Exercise: Write every line of the material again exactly, with no pictures in the copy.

Supplied material:
┌──

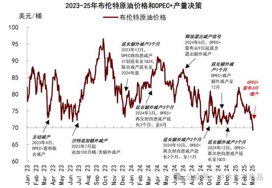 近期布伦特油价一度跌破70美元/桶,为去年9月以来首次。与1月中旬油价高于80美元/桶时相比,原油期货近月升水收窄贡献约七成价格跌幅,显示现货基本面趋松担忧为近期油价回落主因。我们认为2月以来美国宏观经济数据走弱和OPEC+从4月开启增产周期或主导市场情绪调整,叠加特朗普政府推进美、俄谈判,俄罗斯石油供应恢复预期有所升温,也对地缘风险溢价形成压制。在美国关税政策反复和全球贸易摩擦风险较高的背景下,OPEC+的增产决策并不符合其效用最大化和维系财政盈余平衡的内生诉求,我们认为可能受到外生因素的超预期扰动,并为石油市场带来短期抛售压力,布伦特油价波动区间或阶段性下移至65-70美元/桶。
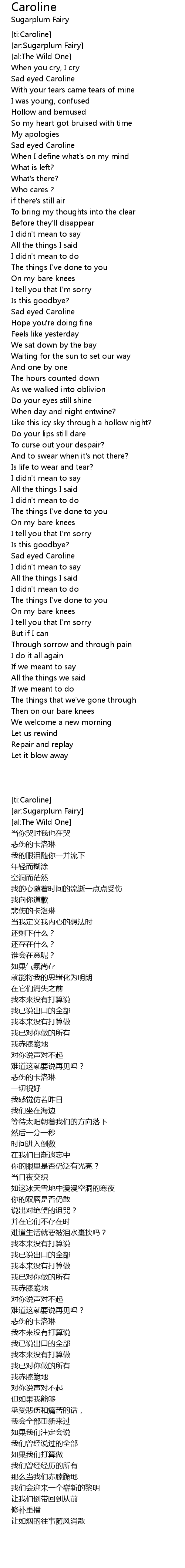 | [02:15.56] | 悲伤的卡洛琳 |
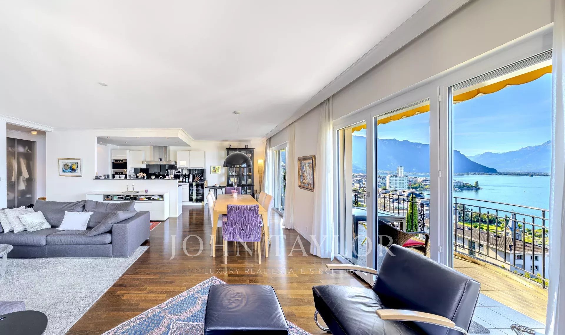 -Posición dominante que ofrece una vista panorámica excepcional del lago Lemán, las montañas y la ciudad de Montreux.
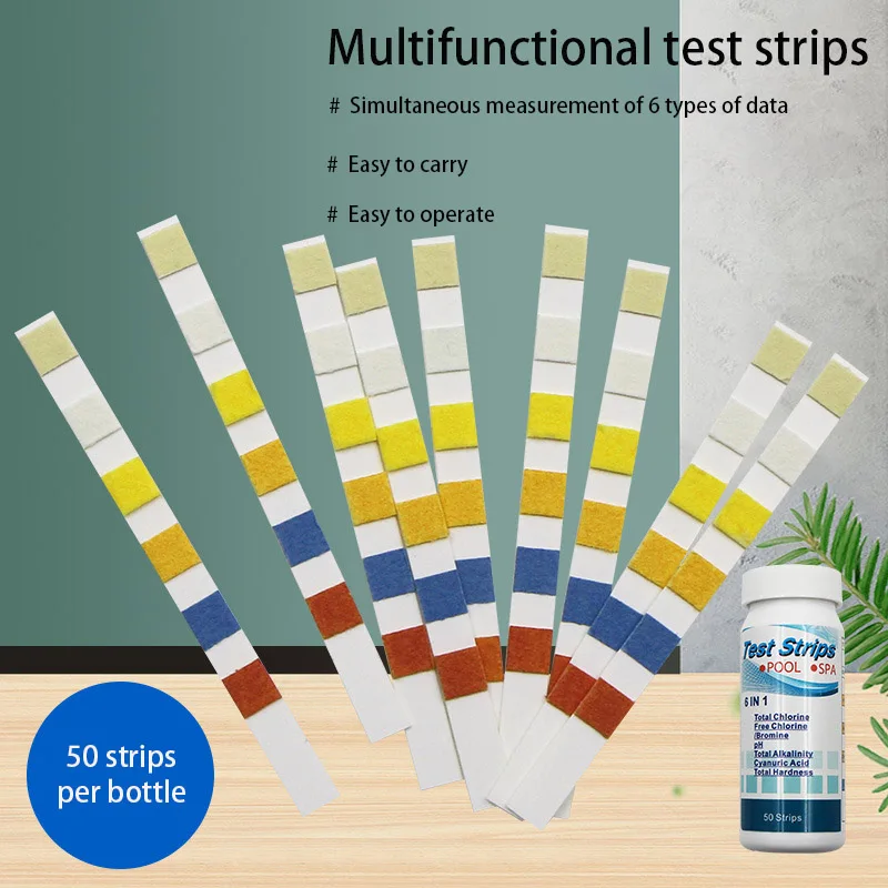 Les bandelettes de test de PH multi-usages sont un outil essentiel pour maintenir la qualité de l’eau de votre piscine ou spa. Grâce à leurs 6 fonctions de test, elles vous permettent de mesurer le chlore libre, le brome libre, le pH, l’alcalinité totale, la dureté totale et l’acide cyanurique.

└──

Response to this exercise:
 近期布伦特油价一度跌破70美元/桶,为去年9月以来首次。与1月中旬油价高于80美元/桶时相比,原油期货近月升水收窄贡献约七成价格跌幅,显示现货基本面趋松担忧为近期油价回落主因。我们认为2月以来美国宏观经济数据走弱和OPEC+从4月开启增产周期或主导市场情绪调整,叠加特朗普政府推进美、俄谈判,俄罗斯石油供应恢复预期有所升温,也对地缘风险溢价形成压制。在美国关税政策反复和全球贸易摩擦风险较高的背景下,OPEC+的增产决策并不符合其效用最大化和维系财政盈余平衡的内生诉求,我们认为可能受到外生因素的超预期扰动,并为石油市场带来短期抛售压力,布伦特油价波动区间或阶段性下移至65-70美元/桶。
 | [02:15.56] | 悲伤的卡洛琳 |
 -Posición dominante que ofrece una vista panorámica excepcional del lago Lemán, las montañas y la ciudad de Montreux.
 Les bandelettes de test de PH multi-usages sont un outil essentiel pour maintenir la qualité de l’eau de votre piscine ou spa. Grâce à leurs 6 fonctions de test, elles vous permettent de mesurer le chlore libre, le brome libre, le pH, l’alcalinité totale, la dureté totale et l’acide cyanurique.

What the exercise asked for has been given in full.